### RECORDS FOR PROCESSING

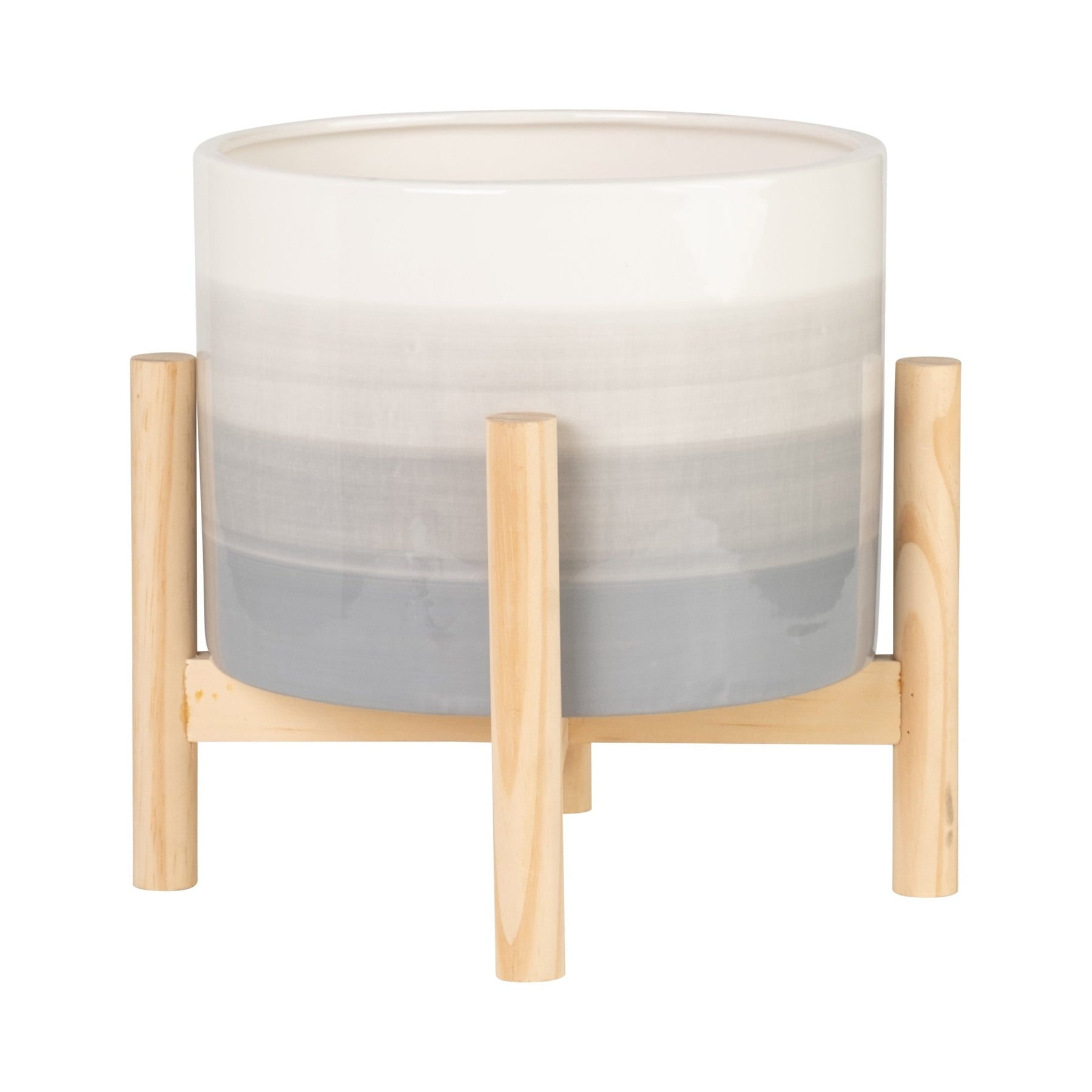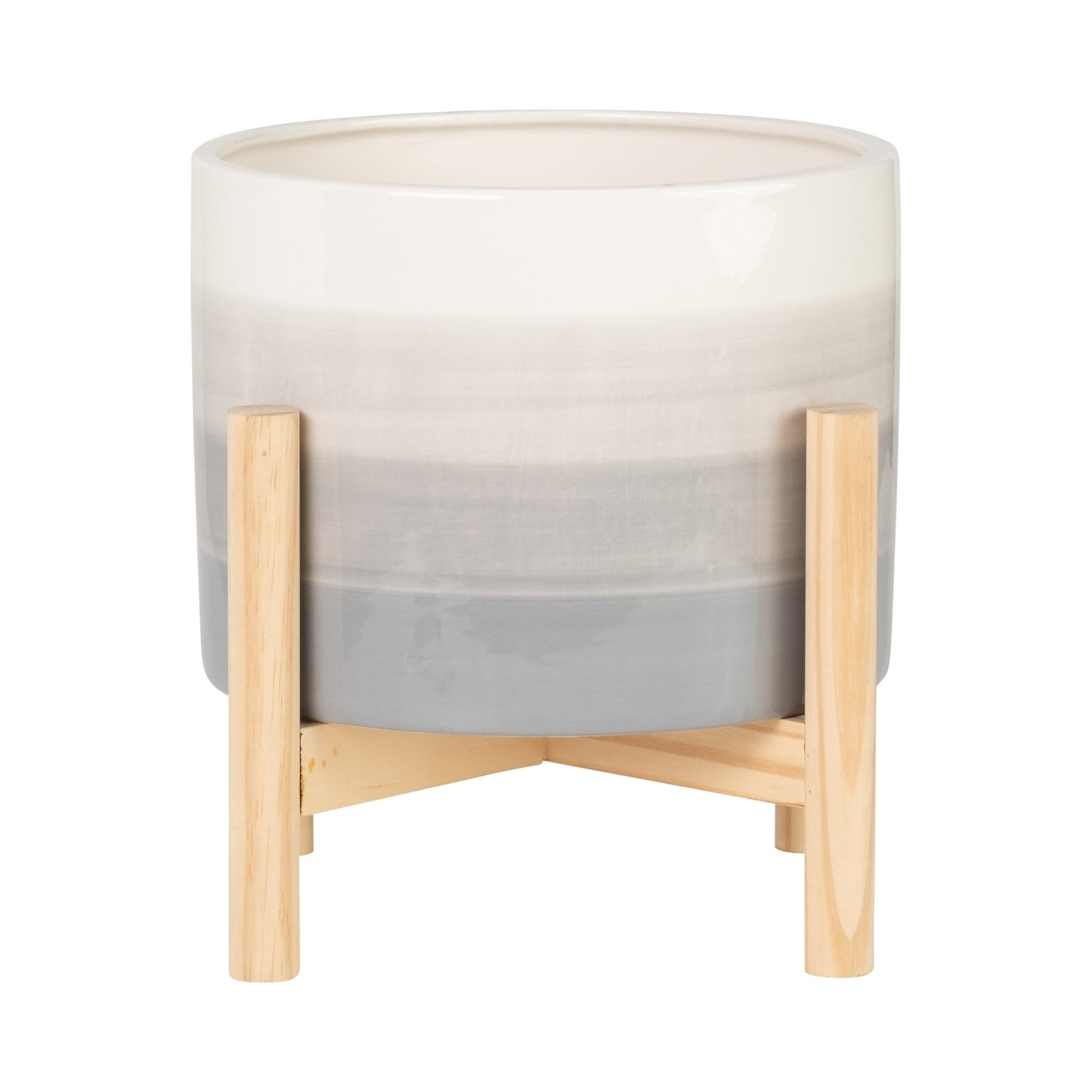 وعاء خزفي للزراعة مقاس 8 بوصات مع حامل خشبي، مزيج من اللون البيج
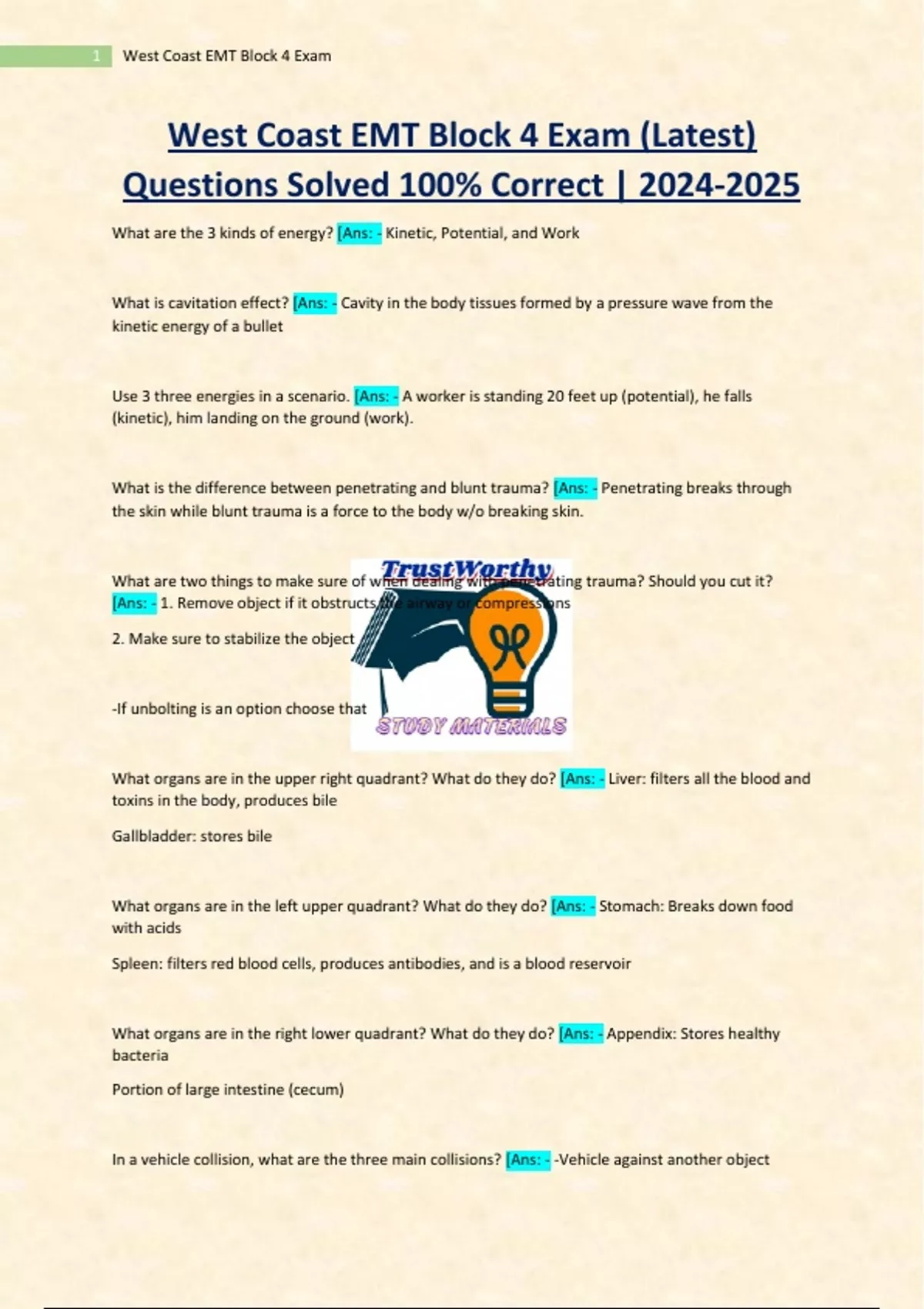 West Coast EMT Block 4 Exam (Latest) Questions Solved 100% Correct |
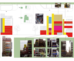 The recording of the buildings is an important exercise, not only for the analysis of spatial and sociological factors in this highly complex district, but also in order to precisely investigate the organisation and articulation of public and private life in the area, as well as collecting all the necessary information for the further design phase in Berlin, Germany, (especially for a large model of central akihabara at 1:200 scale).
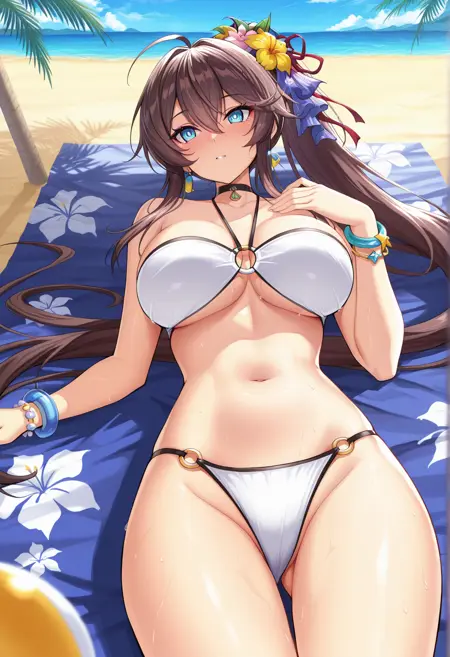 chifuyu(counterside),chifuyu_sw,棕色头发,蓝色眼睛,马尾,呆毛,黄色发花,耳环,项圈,O型比基尼,白色比基尼,丝带,珠宝,手链
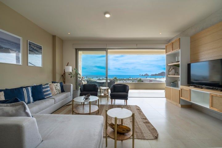 Increíblemente Condominio de 3 Habitaciones en Vista Vela 2, Decoración muy Fresca y Limpia, Vistas Increíbles a Mar de Cortés y el Arco de Cabo San Lucas
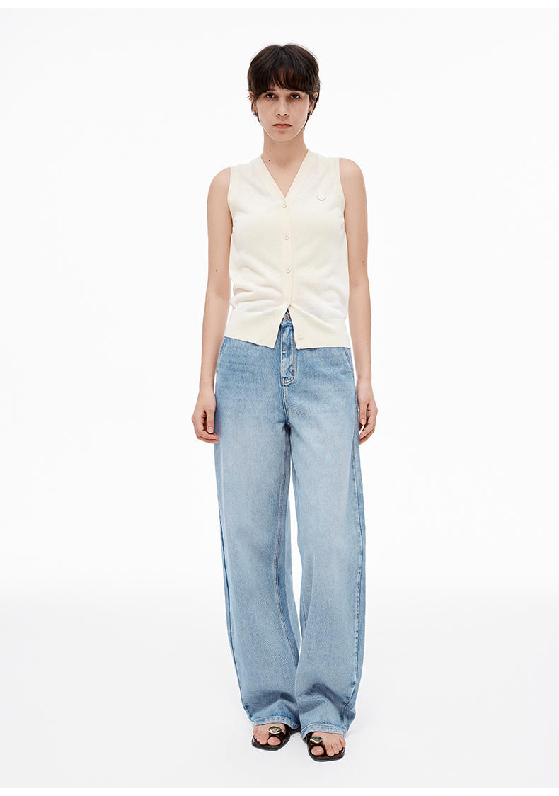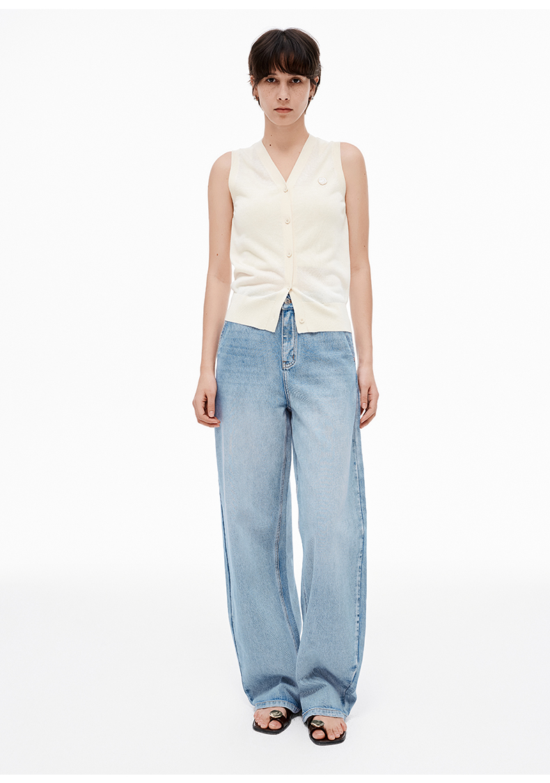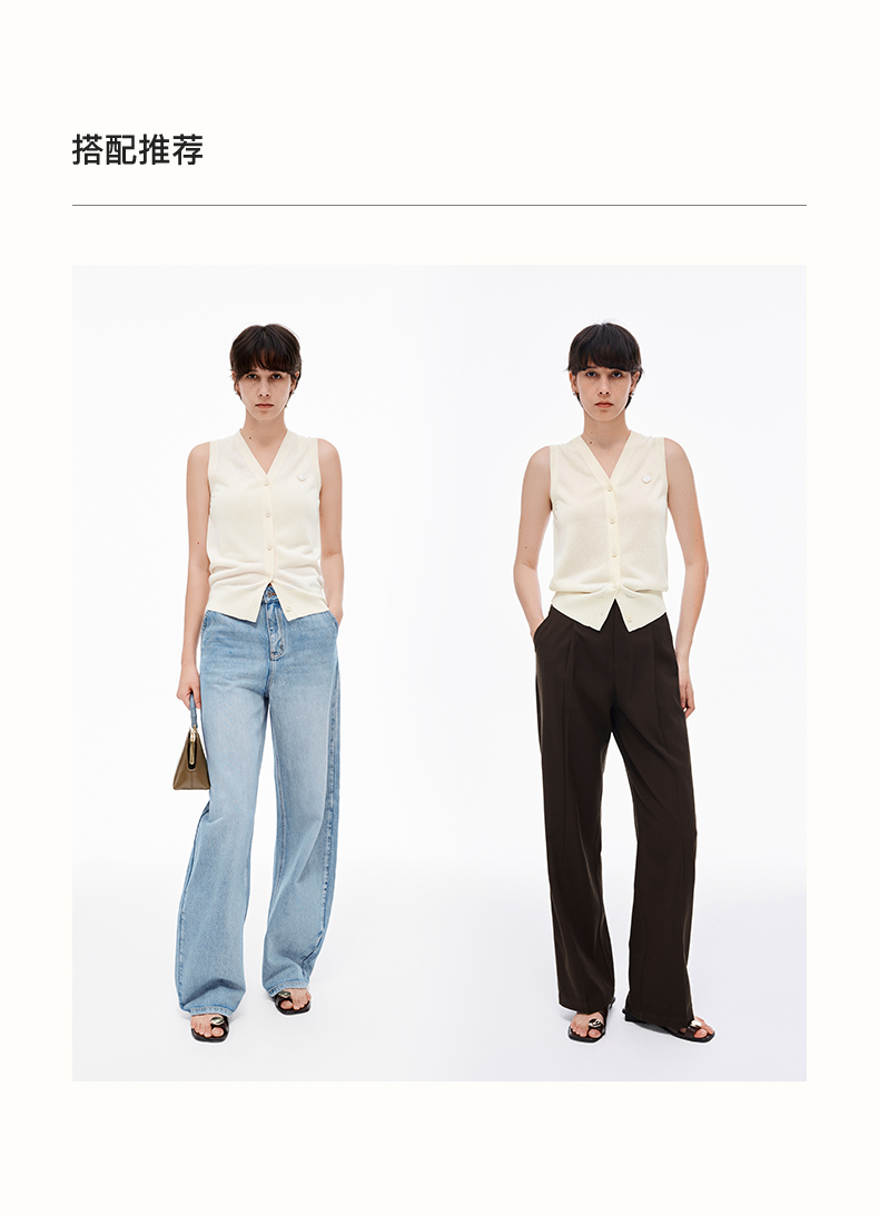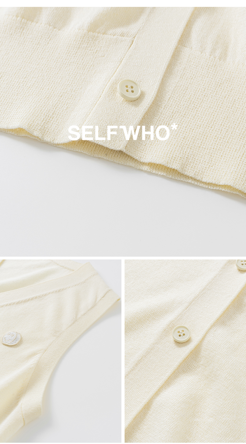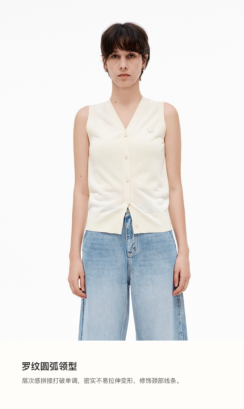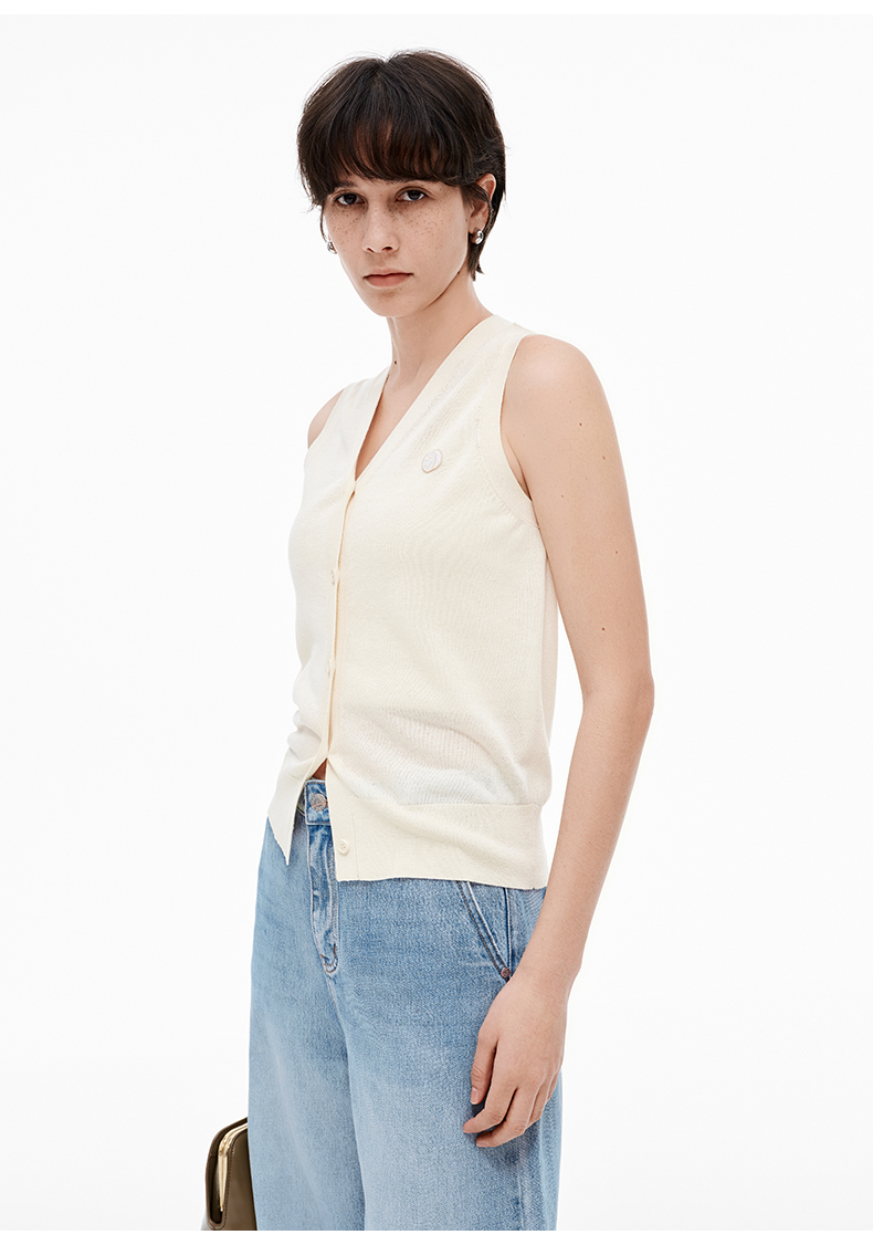 SELFWHO亚麻混纺米黄色针织背心马甲女2025夏新款宽松v领无袖马夹
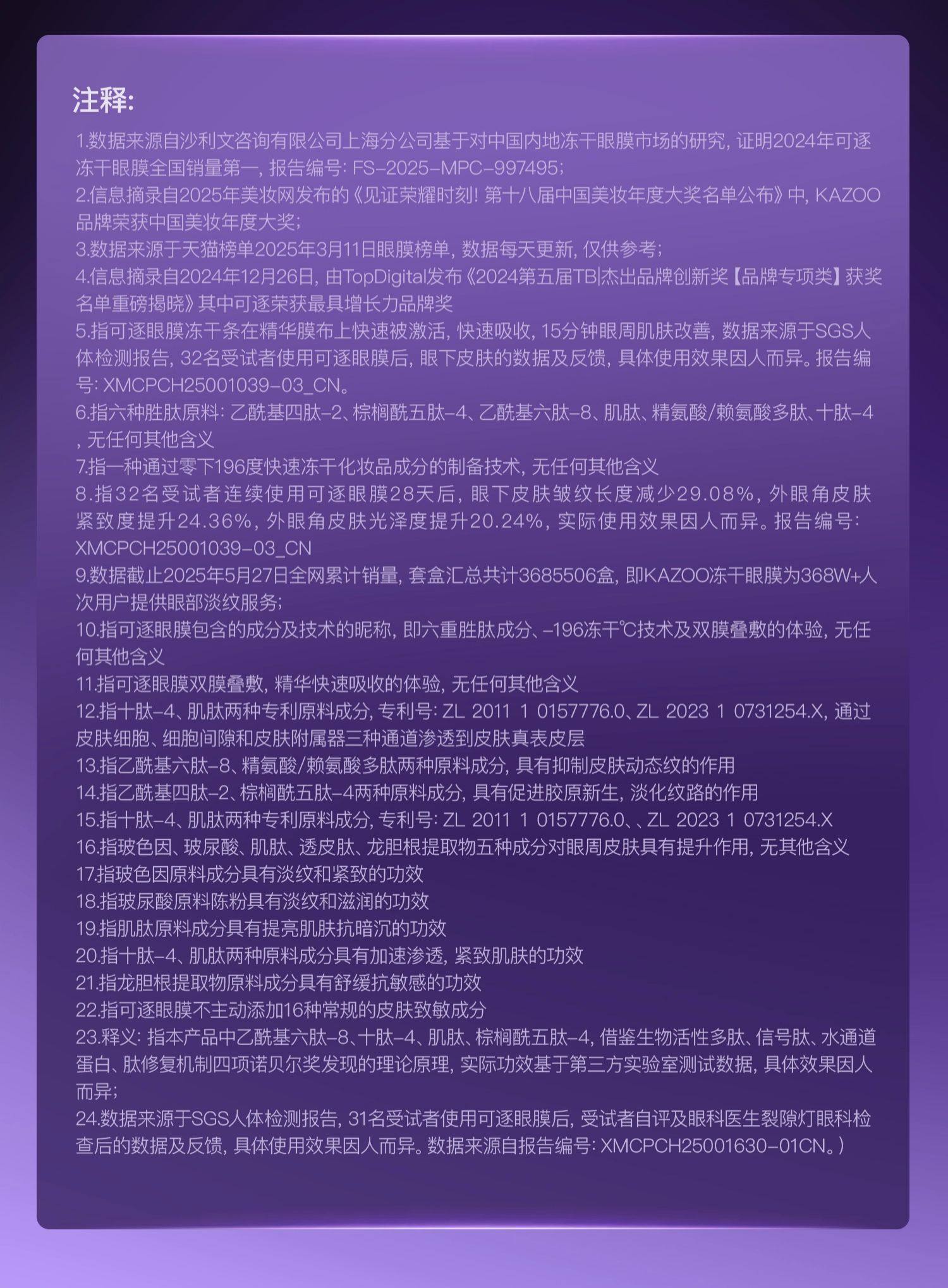 【徐璐推荐】KAZOO可逐冻干眼膜贴 抗皱紧致细纹淡化眼纹霜

### EXERCISE REQUIREMENTS
Your copy should start at the line with "Increíblemente Condominio de", stop at the last line of the listing above, match exactly, and contain no pictures.

### EXERCISE SOLUTION
 Increíblemente Condominio de 3 Habitaciones en Vista Vela 2, Decoración muy Fresca y Limpia, Vistas Increíbles a Mar de Cortés y el Arco de Cabo San Lucas
 SELFWHO亚麻混纺米黄色针织背心马甲女2025夏新款宽松v领无袖马夹
 【徐璐推荐】KAZOO可逐冻干眼膜贴 抗皱紧致细纹淡化眼纹霜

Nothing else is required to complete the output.